_Your assignment_
The part below that opens with the line containing "角に丸みを持たせ、持ち手も前板上部に削り込まれているのでスッキリと見えます。" and closes with the line containing "غداً الأحد تبدأ" should be copied exactly, minus any pictures.

_Given records_
--- START ---

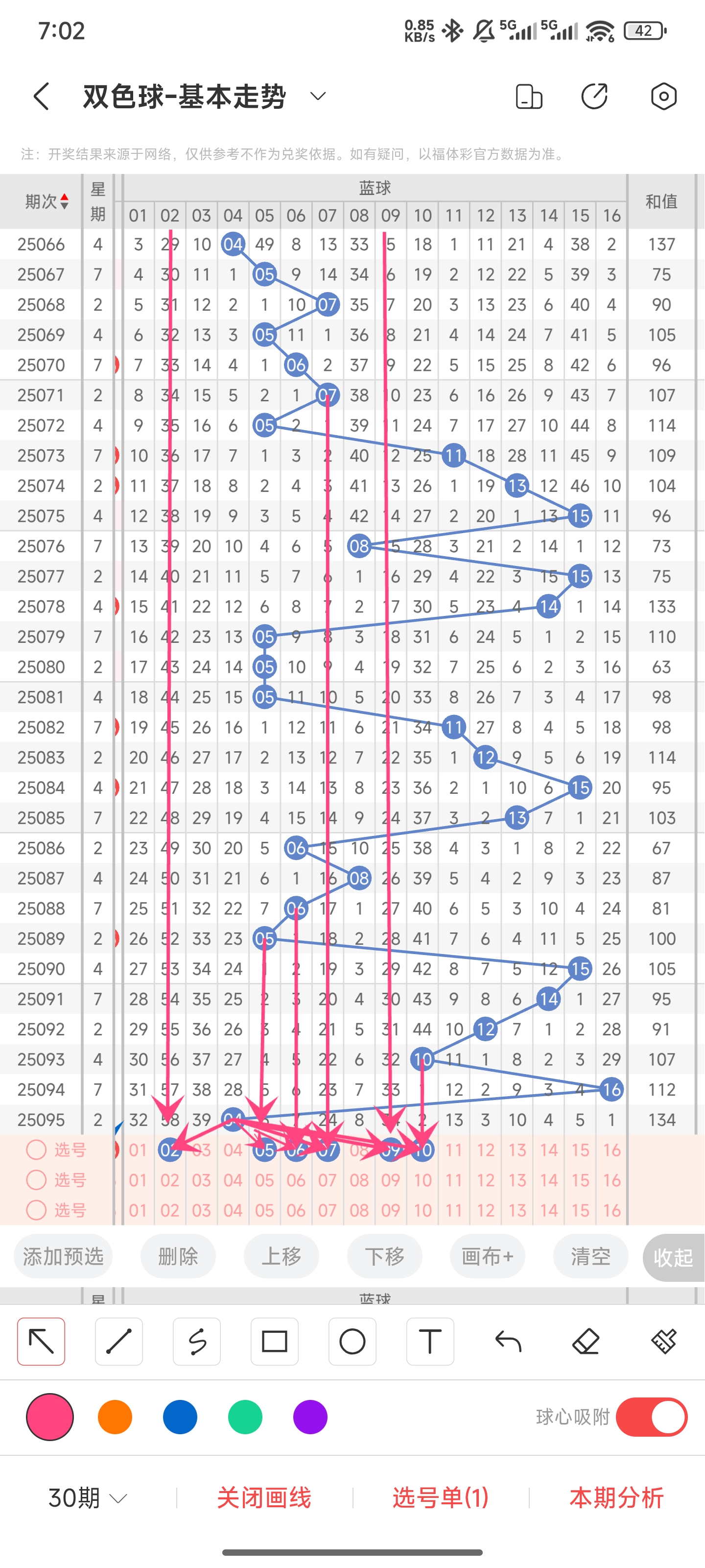 上期开出的是04,往前一期开出的是16。趋势是往左偏移,偏移了12个点,走势很陡。04是冷号回归,且是一个非常冷门的号码,本期不考虑连出的可能性,通过分析目前蓝球的走势图,最近两期开出的号码都是遗漏比较久的冷号,有继续开冷号的可能性。目前趋势是比较大的可能性往右的,小概率继续往左。推测走势应该也不会太陡,所以本期我们可以关注020506070910等号。综上所述本期推测可能开出020506070910等号码。
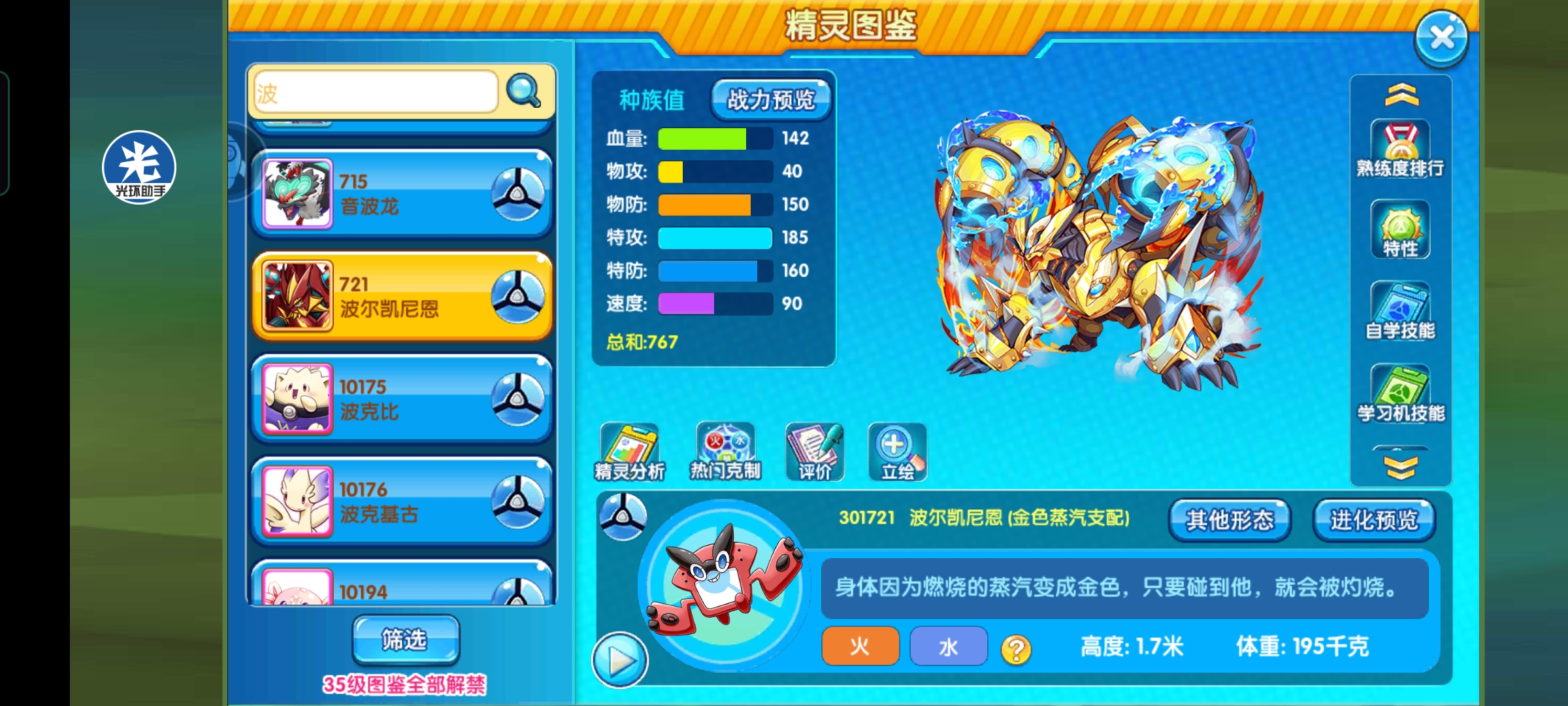 种族属性:新的黄金之门水火兽,不是单纯的追求速度和伤害,而是一种类似于坦克的姿态。142点的生命值,150的物理防御,160的防御,还有20%的伤害减免,这说明他的黄金拱门水火兽的肉度很高。185的特攻,特性增加50%的攻击力,攻击力也很强。他的移动速度看起来很慢,但是凭借着特殊的技能,他的攻击速度还是很快的。
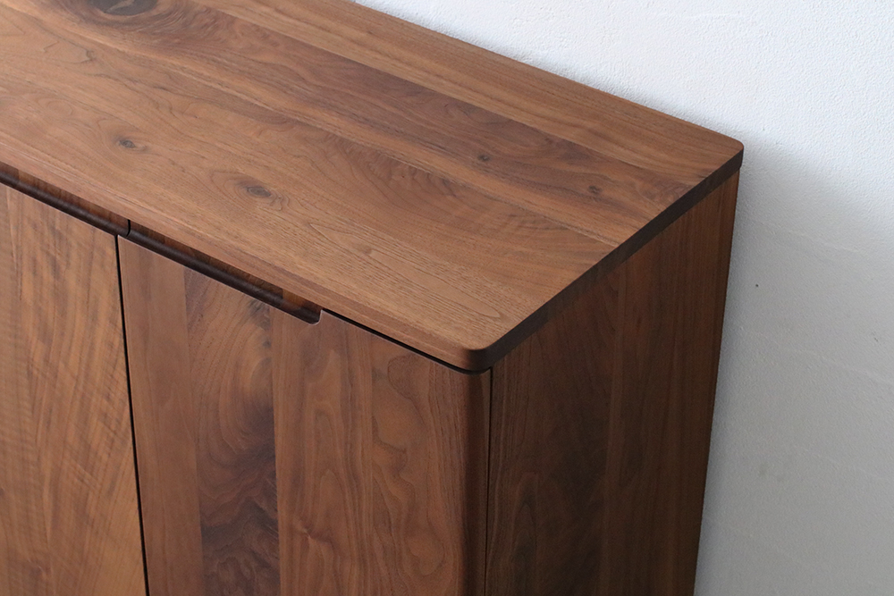 角に丸みを持たせ、持ち手も前板上部に削り込まれているのでスッキリと見えます。
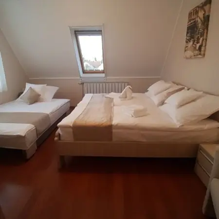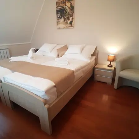 Ebben a superior szobában egy kényelmes Med matracos Ferrara tölgyből készült franciágy található és egy kihúzhatós 2 férőhelyes modern kanapé, így ez a szoba is maximum 4 főre foglalható. Saját fürdőszobája tiszta, igényes zuhanykabinos kivitelezésű. Minden újonnan érkező vendégünk számára kávé és tea bekészítéssel kedveskedünk.
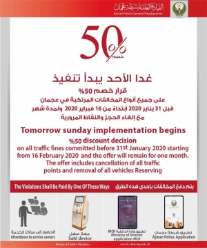 غداً الأحد تبدأ فترة تخفيض المخالفات المرورية بإمارة عجمان بنسبة 50 %
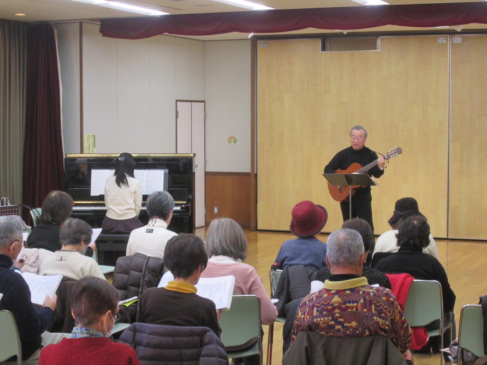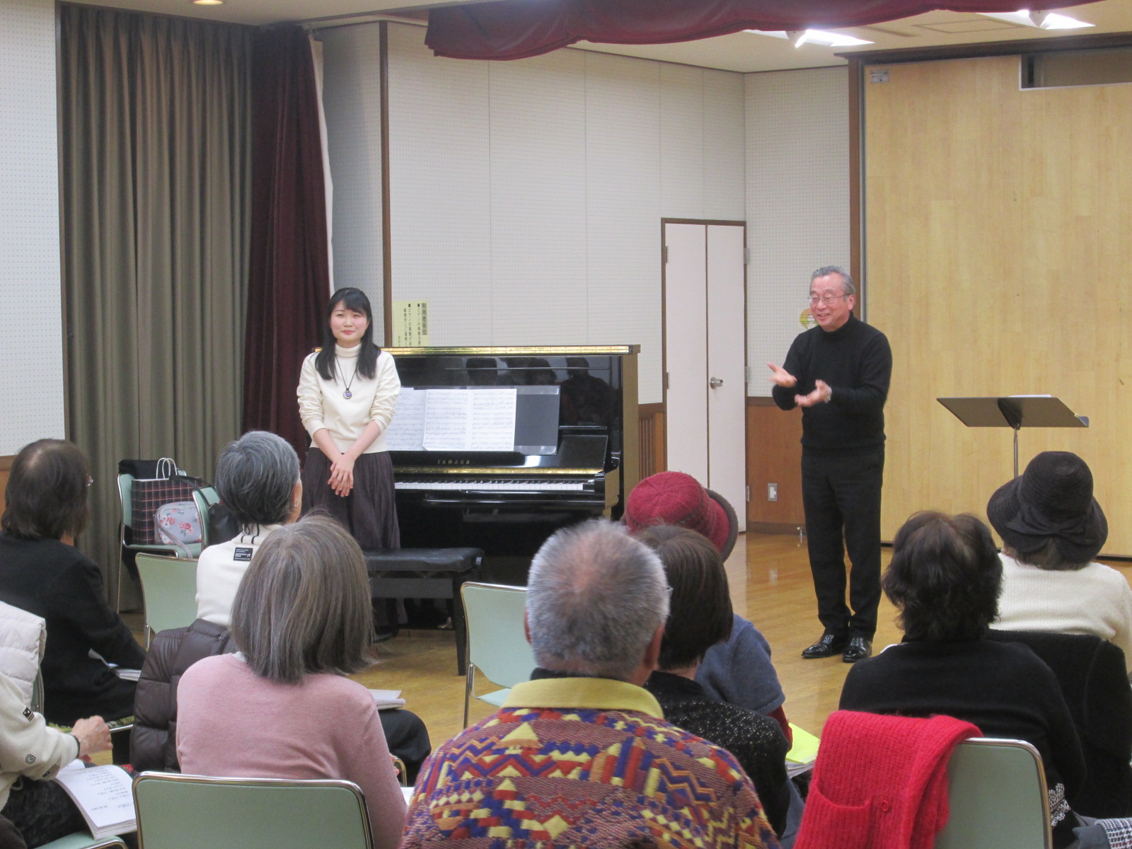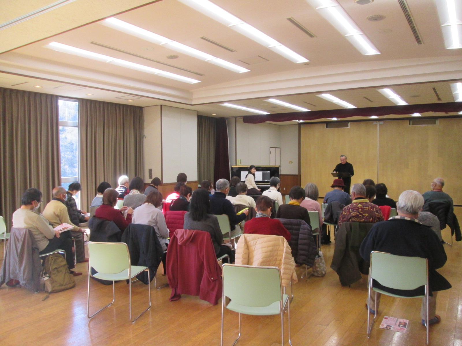 この講座は、昔よく聞いた懐かしい歌謡曲や思い出の曲をピアノの伴奏に合わせて歌う講座です。講座の前半は講師が歌集から事前に選んだ曲を参加者の皆さんと一緒に歌いました。今回は冬の季節にあった選曲が多かったです。曲を歌う前に、その曲の時代背景含め楽しい解説があり、笑いが絶えませんでした。休憩をはさんで後半は参加者からのリクエスト曲から歌いました。最後は講師がピアニストと一緒に「オペレッタ」を力強く熱唱されました。皆さん、歌って、聴いて、元気になって帰られました。

--- END ---

_Output of the exercise_
 角に丸みを持たせ、持ち手も前板上部に削り込まれているのでスッキリと見えます。
 Ebben a superior szobában egy kényelmes Med matracos Ferrara tölgyből készült franciágy található és egy kihúzhatós 2 férőhelyes modern kanapé, így ez a szoba is maximum 4 főre foglalható. Saját fürdőszobája tiszta, igényes zuhanykabinos kivitelezésű. Minden újonnan érkező vendégünk számára kávé és tea bekészítéssel kedveskedünk.
 غداً الأحد تبدأ فترة تخفيض المخالفات المرورية بإمارة عجمان بنسبة 50 %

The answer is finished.